Re: Re: Finding the Number of Pythagorean Triples below a bound
- To: mathgroup at smc.vnet.net
- Subject: [mg68478] Re: [mg68345] Re: Finding the Number of Pythagorean Triples below a bound
- From: Andrzej Kozlowski <akoz at mimuw.edu.pl>
- Date: Mon, 7 Aug 2006 01:40:35 -0400 (EDT)
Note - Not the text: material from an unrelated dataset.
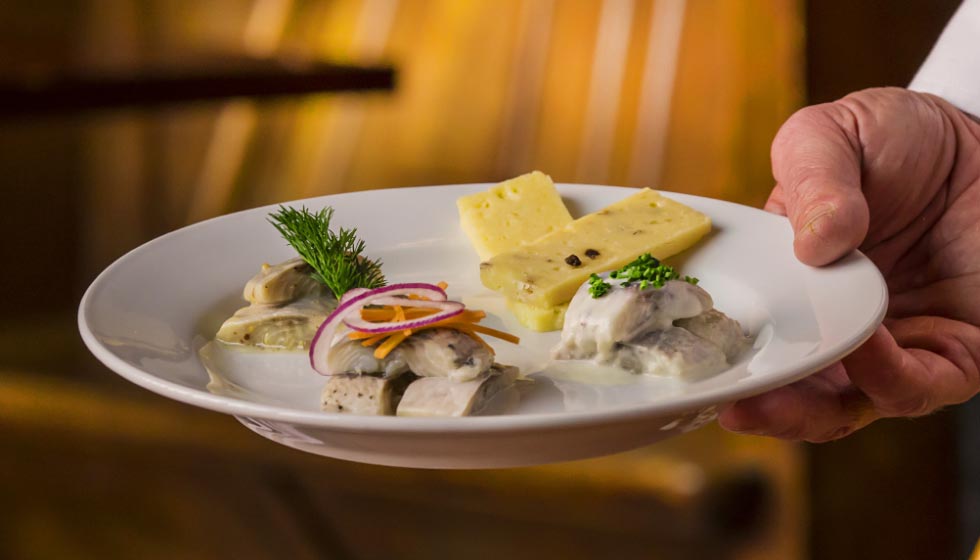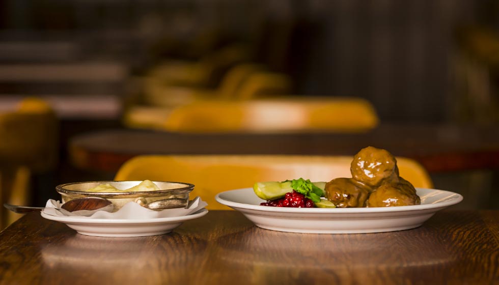 Under takmålningarna i den stora ölhallen svävar 110 år av matminnen. Golfbollsstora köttbullar, strömming, sill och småländsk ostkaka, kalvlever, rabarberpaj och fläsklägg med rotmos. Här regerar gräddsåsen, det brynta smöret och gubbröran.

- References: <20060806080123.15221.qmail@web50704.mail.yahoo.com>
- Sender: owner-wri-mathgroup at wolfram.com
On 6 Aug 2006, at 10:01, Titus Piezas wrote:
> Hello Dan and Andrzej,
>
> >I'd say up to 10^6 or maybe 10^7 the way to go is by looking at the
> >factorization of c2=c^2+k. This way you only need iterate over c.
>
> Yes, turns out the problem was equivalent to counting the number of
> representations of N as
>
> a^2+b^2 = N
>
> where 0<a<=b (I should have phrased it that way, but that is the
> benefit of high-sight) which I assume can be given by the function
> OrderedSumOfSquaresRepresentations[2,N]? Hence the code you have
> given me, in essence, is, say for k = 5,
>
> Sum[OrderedSumOfSquaresRepresentations[2,c^2+5],{c,1,10^m-1}]
>
> roughly speaking? (With finer details of removing from
> consideration those c^2+5 that are of from 4m+3, etc.)
Well, no, it is rather:
Sum[Length[OrderedSumOfSquaresRepresentations[2,c^2+5]],{c,1,10^m-1}]
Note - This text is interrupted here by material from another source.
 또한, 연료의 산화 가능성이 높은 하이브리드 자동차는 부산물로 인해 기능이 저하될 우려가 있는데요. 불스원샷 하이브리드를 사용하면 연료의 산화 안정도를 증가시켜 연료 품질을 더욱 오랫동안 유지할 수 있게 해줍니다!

In fact I forgot that there was OrderedSumOfSquaresRepresentations as
well as SumOfSquaresRepresentations, which is the main reason why I
did not think it would be very useful. Another reason is that, I
expected, computing Length of many lists and then adding these
Lengths up should be slower than just counting the total number of
elements.
>
> >Here are some timings.
> >
> >In[54]:=Timing[countTriples[10^4,3]]
> >Out[54]={0.591 Second,1154}
> >
> >In[93]:=Timing[countTriples[10^5,3]]
> >Out[93]={8.562 Second,12115}
> >
> >In[94]:=Timing[countTriples[10^6,3]]
> >Out[94]={131.91 Second,121054}
> There is something odd with the first value. James' count (up to
> m=5) vs this gives the sequences,
>
> {1219, 12115}
> {1154, 12115, 121054}
>
> Why the disparity? If the ratio S(N)/N would converge, it should
> start as 0.121... (Note however, that James' table has bound 10^m
> *not* 10^m-1.}
My code also gives:
countTriplesP[4,3]
1219
Changing 10^m-1 to 10^m should give a value at least as large, and in
fact gives the same answer.
which suggests that something still needs to be looked carefully at
in Daniel's code. I can't do it now but will think about it when I can.